My need for a greater feeling of safety in that relationship wasn’t just influenced by what I might have considered “unreasonable” behaviour from my partner, it was supercharged by my own terror at being hurt. Fearful that I would end up feeling worthless I inadvertently guaranteed that I would by allowing my neurosis to accelerate the dismantling of a relationship I should never have got into in the first place.
As lovers we are stuck in a perilous spot. We want the dependability, trust, stability and love that helps us to feel safe. But we also want the excitement, passion and spontaneity which reminds us that it could blow up in our faces at any given moment. Just enough of each brings a union which is indescribably beautiful, but too much of either and we’re either bored or verging on a heart attack from all the stress.
We are drawn back towards what we are used to, even if it was emotionally disastrous.
I often wondered why I seemed to make the same mistake in picking partners? I came to realise that I was simply repeating destructive patterns from my past. Having experienced emotional scarcity I was attracted back to it like a moth to a flame. I lived so long with an uncertainty of love that I was pulled towards it with depressing insistence. I was certain in my terrible uncertainty.
This basis of dysfunction would play out in one of two ways with my girlfriends. Either I would destroy the relationship with my deeply unattractive neediness, or I would grow bored with the relationship because it offered me a healthy certainty that I did not trust and so could not accept.
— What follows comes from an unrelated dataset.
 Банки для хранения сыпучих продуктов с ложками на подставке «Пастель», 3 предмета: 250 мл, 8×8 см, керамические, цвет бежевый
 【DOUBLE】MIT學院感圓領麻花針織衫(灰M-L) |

All the while I looked at the woman wondering what was wrong with her when, really, I needed to be looking much harder at myself.
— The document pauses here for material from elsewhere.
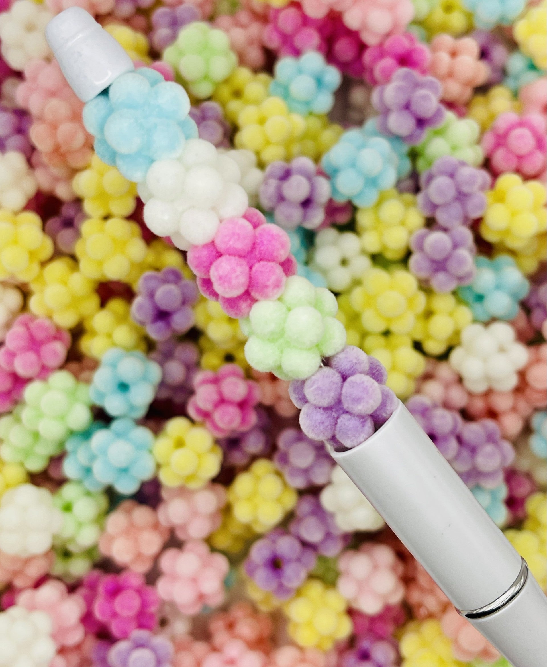 These flocked popcorn flower beads are as sweet as they look! With a fuzzy, velvety finish and soft pastel colors, each bead is shaped like a cluster of tiny flowers. Perfect for spring-inspired projects, they add a cute and cozy touch to pens, bracelets, and other beadable crafts.
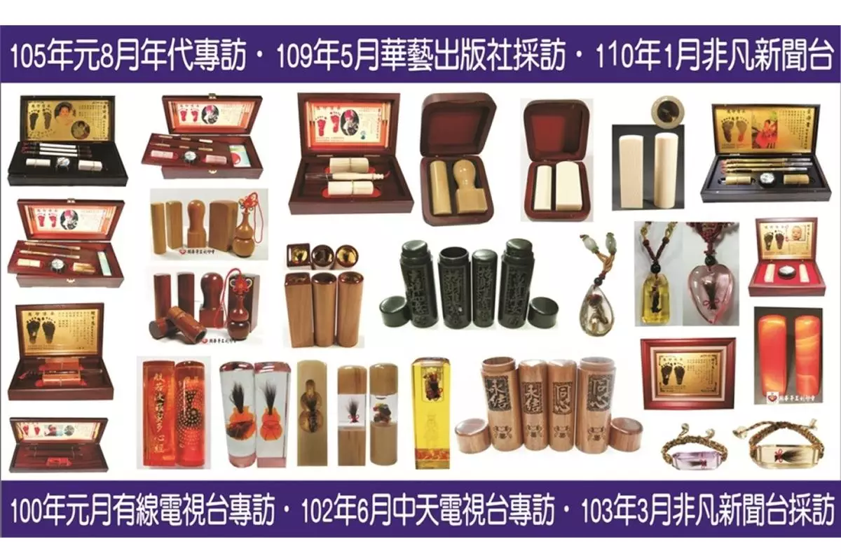 包括手工開運印章、平價常用章、胎毛筆、公司大小章、印鑑章、姓名印章、開運印章、臍帶章、印章盒、胎毛章、印泥、印油、代工刻印章(絕不外包)、嬰兒三寶等。

For so long, every perceived illustration of neglect, each missed phone call, every unreturned message, did nothing more than fan the flames of my desire. The more uncertain I became the more I chased. The more certain she was through my chasing the less interested she became.
The balance of certainty and uncertainty we want is unique to us. It comes about because of who we are and the lives we have lead. Nobody can tell us we need too much of one or not enough of the other, but our choices about who we want to spend our time with, and who we are safe to open up to in an intimate relationship are absolutely critical.
I learned that sometimes I need to hurt myself to avoid really hurting myself. I learned that only I could make the adjustments that I needed to make, and I learned that it happens slowly, incrementally and often painfully. The discomfort on the way was all mine. But I learned even that can come to feel wonderfully cathartic.
When I left that damaging relationship it was because I understood that I needn’t be a victim in situations that I didn’t want to be in. I always had a choice about whether I remained in a burning building or left it, no matter how much of value I had mistakenly once imagined I was leaving behind.